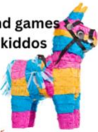
Piñata and games for the kiddos
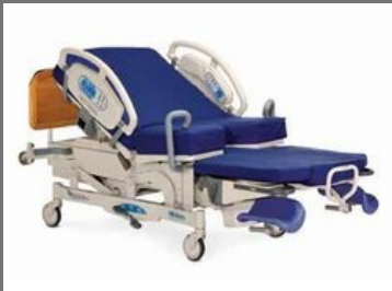
Delivery Hospital Bed
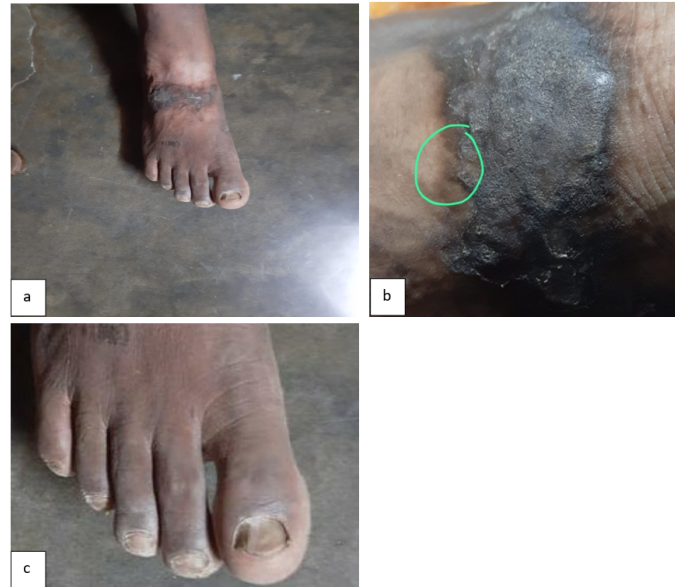
Fig. 1: a,b): Multiple hyperkeratotic, verrucous papules/plaque like lesions on dorsal aspects of hand and feet; c): Thickening of the nail plate with longitudinal ridges seen in the big toe
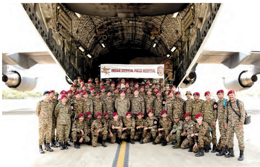
A 41-member team of the Indian Army, from the 60 Para Field Hospital, including nine medical officers, being deployed in Venezuela to support humanitarian relief efforts as part of 'Operation Amistad'.

In a gesture of solidarity with the people of the Bolivarian Republic of Venezuela, India has launched Operation Amistad, a humanitarian assistance and disaster relief (HADR) mission, in response to the devastating earthquake that has caused extensive loss of life, injuries and widespread destruction. "Operation Amistad underway! Two @IAF_MCC C17s took-off today for Venezuela with urgent assistance to support their post-earthquake relief efforts. The assistance contains an Indian Army @adgpi Field Hospital Unit and over 35 tons of relief supplies, medicines and medical equipment, including two BHISHM cubes. India is committed to supporting the government and people of Venezuela in
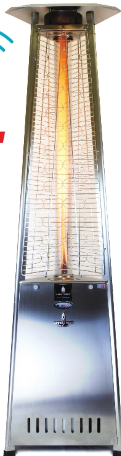
Shown: Stainless Steel

WWW.LAVAHEAT.COM INFO@LAVEHEAT.COM 1.888.779.LAVA
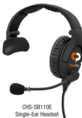
CHS-SB110E Single-Ear Headset
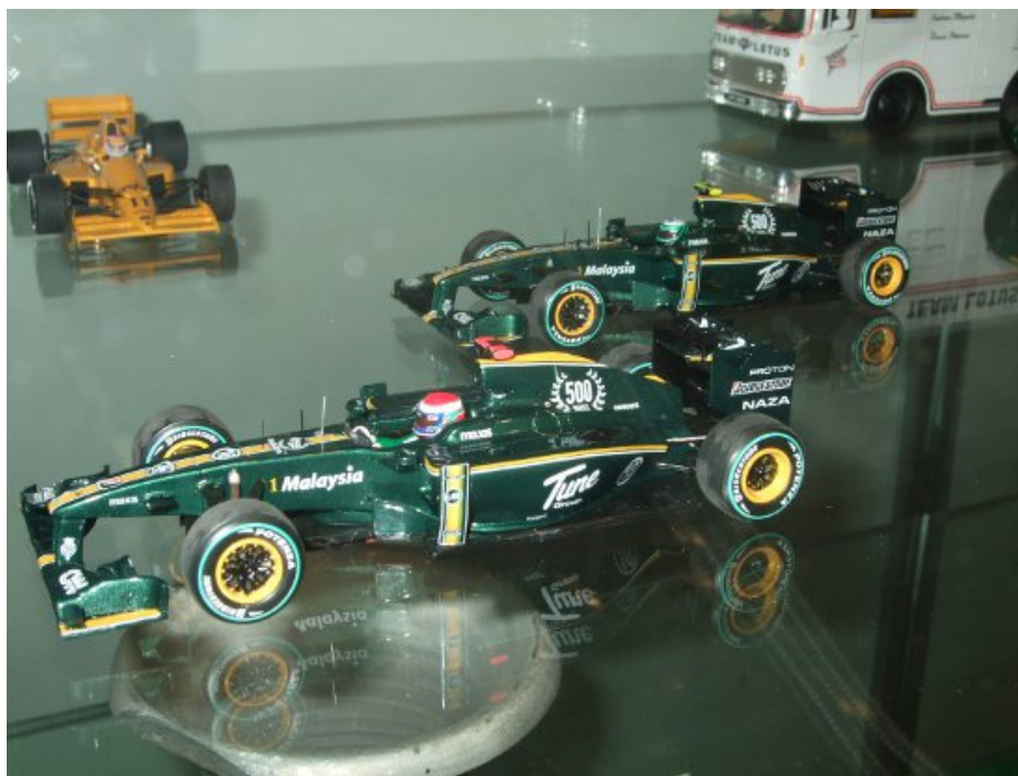
The Lotus Racing T127 by Spark looks ready for delivery, scale 1:43
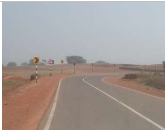
View of constructed Road Marked Paint & Sign Board.
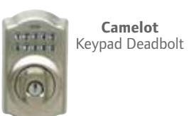
Camelot Keypad Deadbolt

*Additional finishes available special order.
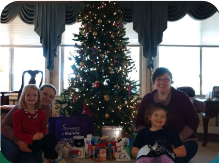
Volunteers of all ages joined us for this remarkable program. The youngest volunteer was a 4 year old who helped place cards in each AngelWish bag.
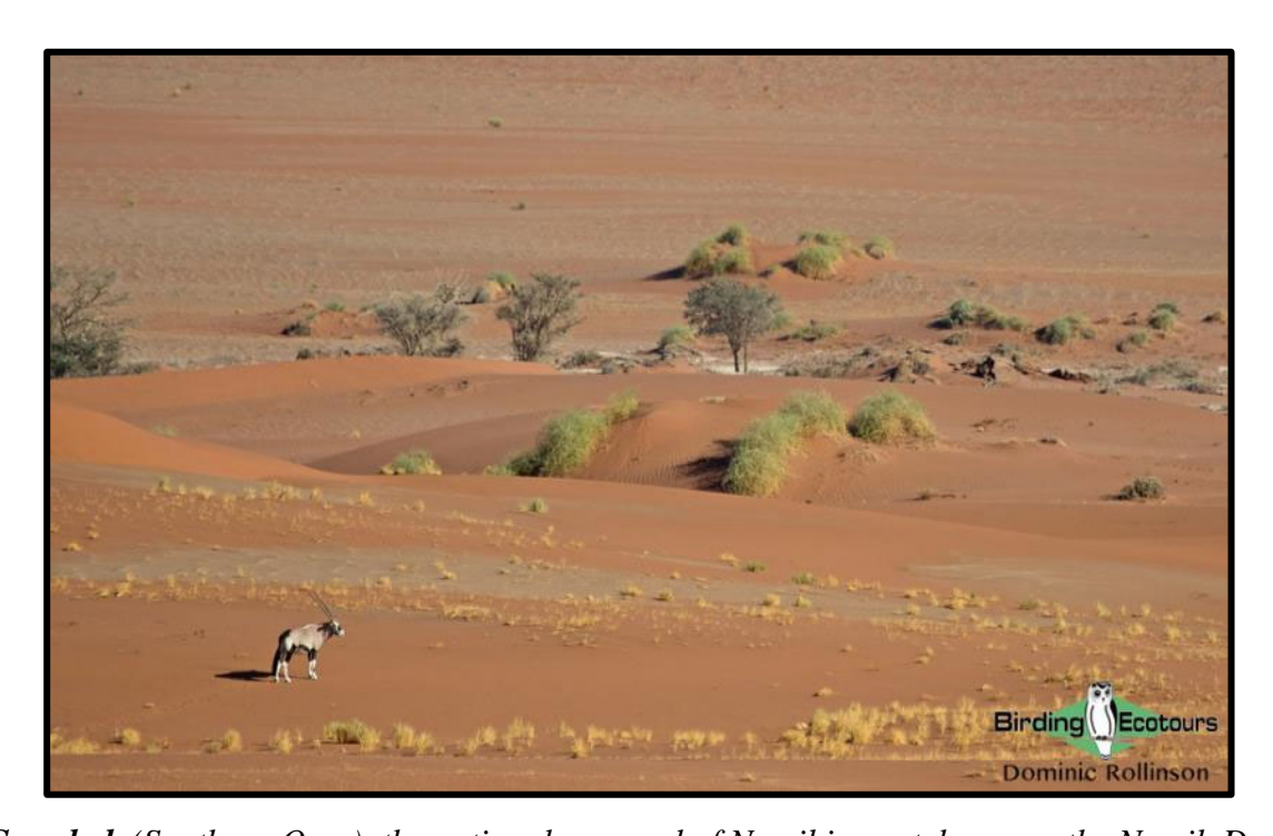
A Gemsbok (Southern Oryx), the national mammal of Namibia, watches over the Namib Desert.

Upon arrival in Windhoek the group will be met by our representative and assisted with the charter flight to our first camp, Little Kulala Camp, for two nights. The camp is located within the arid Namib Desert on the 37,000-hectare private Kulala Wilderness Reserve and close to the iconic dunes of Sossusvlei, by virtue of having a private gate into the park. A waterhole in front of the main building provides the opportunity to see Gemsbok (Southern Oryx), Springbok, Bat-eared Fox, Aardwolf, Common Ostrich, and Black-backed Jackal. Spotted Hyaena can be heard at night. The Namib, a vast sea of red sand dunes, is one of the most arid deserts in the world.
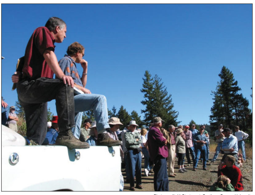
The most effective CWPP frames reflect values held in the community. Group activities can help identify and build shared values.

potentially increasing resources such as funding and available skills. It is important to evaluate who will connect with a given frame—to avoid inadvertently excluding participants—and how a frame might limit possible CWPP solutions and projects.
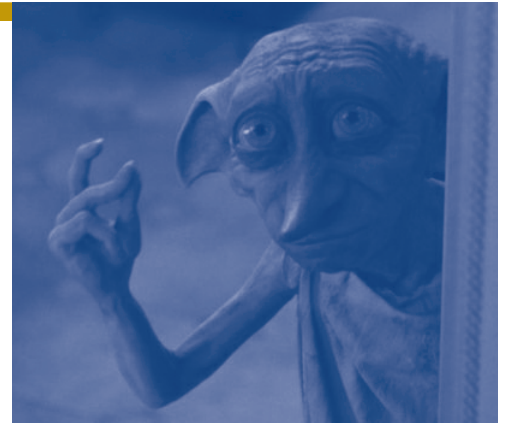
Fig. 6. Dobby the house-elf (voiced by Toby Jones). Harry Potter and the Chamber of Secrets , Warner Bros. Pictures, 2002.

------------------------

### [What you should do]
Exact repeat of the material above: every line from the one with "Delivery Hospital Bed" through the one with "A 41-member team", endpoints included, and nothing more. No pictures.

### [Output below]
Delivery Hospital Bed
Fig. 1: a,b): Multiple hyperkeratotic, verrucous papules/plaque like lesions on dorsal aspects of hand and feet; c): Thickening of the nail plate with longitudinal ridges seen in the big toe
A 41-member team of the Indian Army, from the 60 Para Field Hospital, including nine medical officers, being deployed in Venezuela to support humanitarian relief efforts as part of 'Operation Amistad'.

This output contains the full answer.